For the Space Force, that means finding ways to make space assets “more difficult to find or less juicy,” Armagno said.

“We’re doing this mission area by mission area. We need to take our missile-warning assets, we need to add layers of orbits, hybrid capabilities, smaller satellites, and commercially provided capabilities,” Armagno said. “That will all complicate Russia targeting our prime missile-warning capabilities.”

Austin questioned why Russia would put its own people aboard the ISS at risk; two Russian cosmonauts were among the seven International Space Station crew who had to seek emergency shelter in their spacecraft from the debris field Monday.

“They have the ability, they know exactly what kind of debris field they're going to create,” Austin said. “So we wonder why they would move to do such a thing.”
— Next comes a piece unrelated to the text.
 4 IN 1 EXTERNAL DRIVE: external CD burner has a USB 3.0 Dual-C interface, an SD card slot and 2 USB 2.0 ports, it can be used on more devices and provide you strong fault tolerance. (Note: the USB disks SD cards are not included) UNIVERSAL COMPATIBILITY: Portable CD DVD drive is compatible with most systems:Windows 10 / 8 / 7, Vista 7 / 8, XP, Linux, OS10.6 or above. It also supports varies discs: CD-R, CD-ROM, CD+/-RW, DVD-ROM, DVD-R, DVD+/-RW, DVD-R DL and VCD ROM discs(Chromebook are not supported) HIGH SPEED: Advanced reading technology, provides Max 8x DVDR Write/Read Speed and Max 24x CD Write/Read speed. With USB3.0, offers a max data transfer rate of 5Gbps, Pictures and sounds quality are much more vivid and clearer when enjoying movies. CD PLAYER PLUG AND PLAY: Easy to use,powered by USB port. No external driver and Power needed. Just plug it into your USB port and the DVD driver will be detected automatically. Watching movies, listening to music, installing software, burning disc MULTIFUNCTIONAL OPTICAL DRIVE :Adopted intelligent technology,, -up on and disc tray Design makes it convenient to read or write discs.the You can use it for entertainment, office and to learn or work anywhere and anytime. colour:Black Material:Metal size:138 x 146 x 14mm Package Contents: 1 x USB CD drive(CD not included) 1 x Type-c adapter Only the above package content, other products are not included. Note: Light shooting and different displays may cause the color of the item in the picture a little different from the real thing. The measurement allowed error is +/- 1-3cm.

It’s likely signalling to the United States, said Maj. Gen. Leah Lauderback, Space Force’s director of Intelligence, Surveillance and Reconnaissance.
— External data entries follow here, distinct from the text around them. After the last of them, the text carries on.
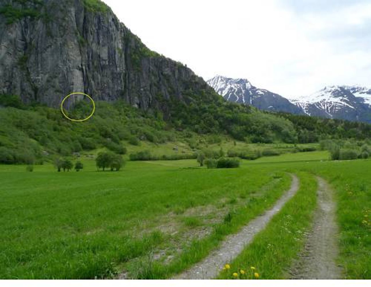 Etter å ha lagt dyrkamarka bak deg, stiger terrenget opp utmarksbeitet. Idyllisik utsikt over Øverås/Åse. Skogen lenger oppe er gamal trolsk urskog. Stien slynger seg mellom mosegrodde steinar, gamle tre og oppunder kjempestore steinar. Før du aner det er du oppunder Vargehola.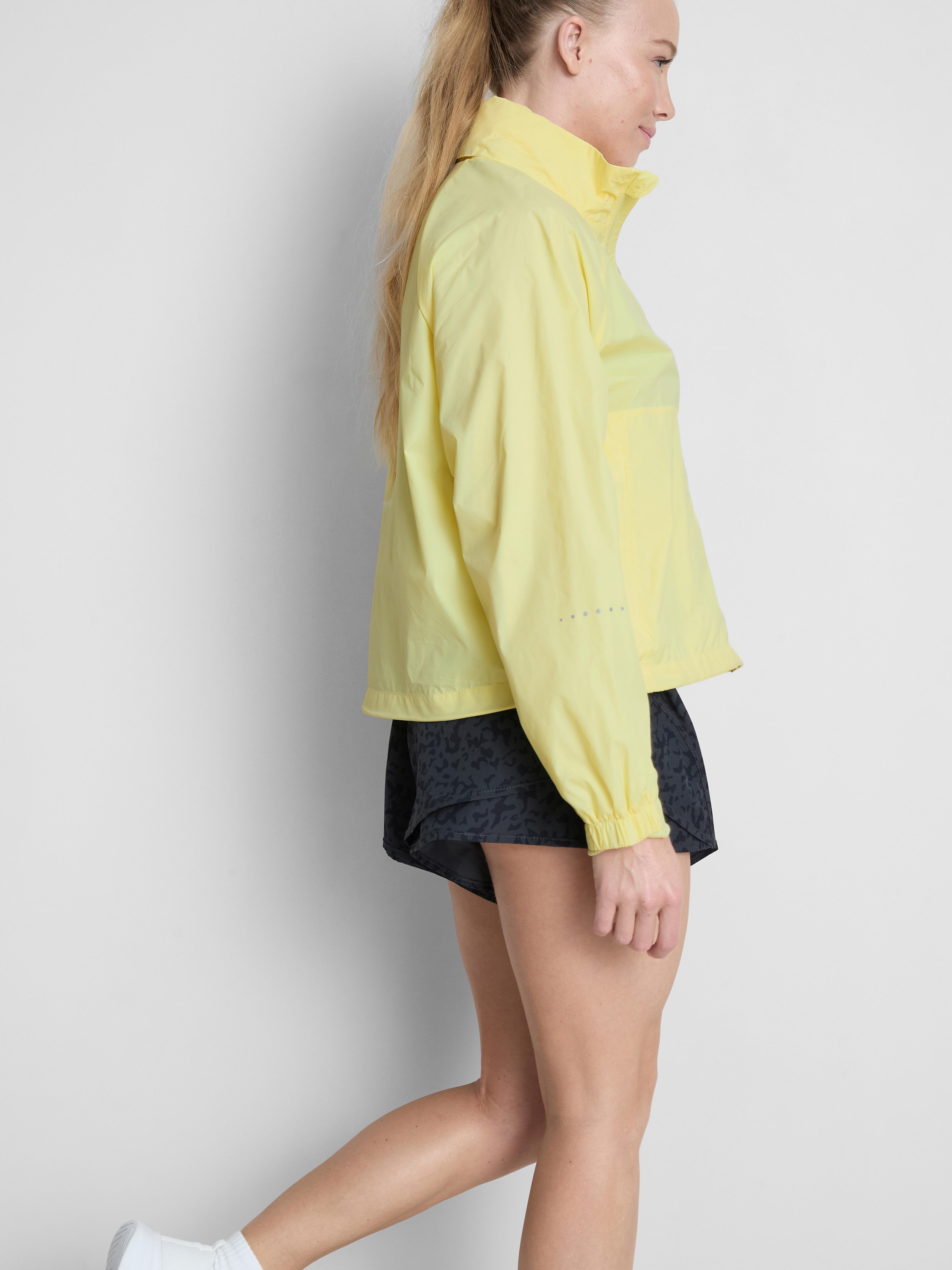 A lightweight half-zip jacket with a kangaroo pocket and foldaway hood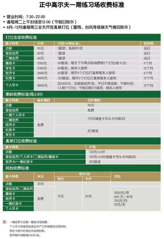 结合客户反馈以及练习场的具体运营情况,正中高尔夫练习场对价格表进行调整,并正式对外公告。其中: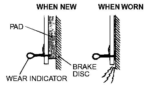 DISC BRAKE PAD CHECK AND REPLACEMENTNOTE: The brake pads have indicators that contact the brake disc when the brake pad thickness becomes 2 mm (0.08 inch), and emit a squealing sound to warn the driver.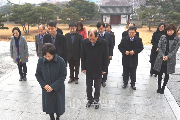 홍성교육지원청(교육장 고옥심)은 지난 2일 홍주의사총 및 충령사 참배를 시작으로 정유년 새해 업무를 시작했다. 이날 충령사 참배에는 홍성교육지원청 고옥심 교육장을 비롯해 간부공무원 14명 전원이 참석해 그 의미를 더했다.<사진>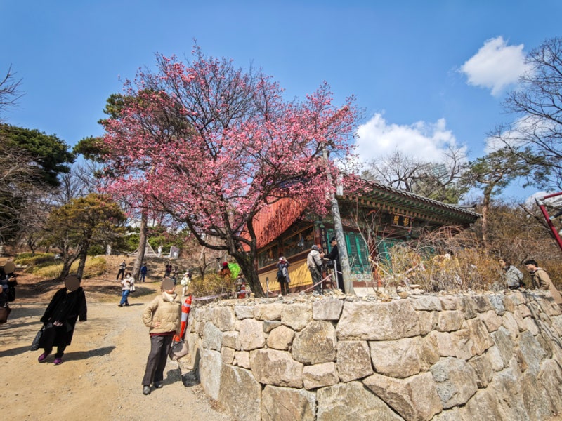 To find the red plum blossom tree, go past the Daeungjeon (Main Hall) and look to the left of the Yeonggak building.

“It's probably from a deterrence perspective,” Lauderback said at the Ascend conference. “This is a continuation of their intent to degrade and deter us from using our space capabilities.”

Russia’s test Monday was the fourth direct ascent ASAT launch to destroy a satellite. According to U.S. Space Command:

In 2007, China hit its Fenyun 1C satellite. Some 3,013 of its 3,679 trackable pieces of debris are still in orbit.
In 2008, the U.S. conducted Operation Burnt Frost to destroy an NRO satellite that was failing. None of the 173 pieces of debris remain in orbit;
In 2018, an Indian direct ascent launch destroyed Microsat-R. One of its 168 trackable pieces of debris is left in orbit.
On Nov. 15, 2021, Russia destroyed its COSMOS 1408 in 2021, generating at least 1,500 pieces of debris that are trackable, meaning they measure 10 cm across or more.
Tens of thousands of smaller pieces of COSMOS 1408 are believed to remain in orbit, but it will take “weeks to months” before the 18th Space Control Squadron is able to fully track the whole debris field generated by the launch, U.S. Space Command said in a statement to Defense One.

Monday’s test is reminiscent of China’s 2007 launch, U.S. Space Command deputy commander Lt. Gen. John Shaw said at the space conference. Just days before Monday’s event, the International Space Station had to maneuver to avoid a collision with debris from Fenyun 1C.

The debris from Russia’s launch Monday “will be a threat for years to come,” Shaw said. “ We’ll be talking about this for years. It’s simply irresponsible and it will cause so many problems. This isn’t the beginning of activity by Russia. They continue to show disregard for the stability of space.”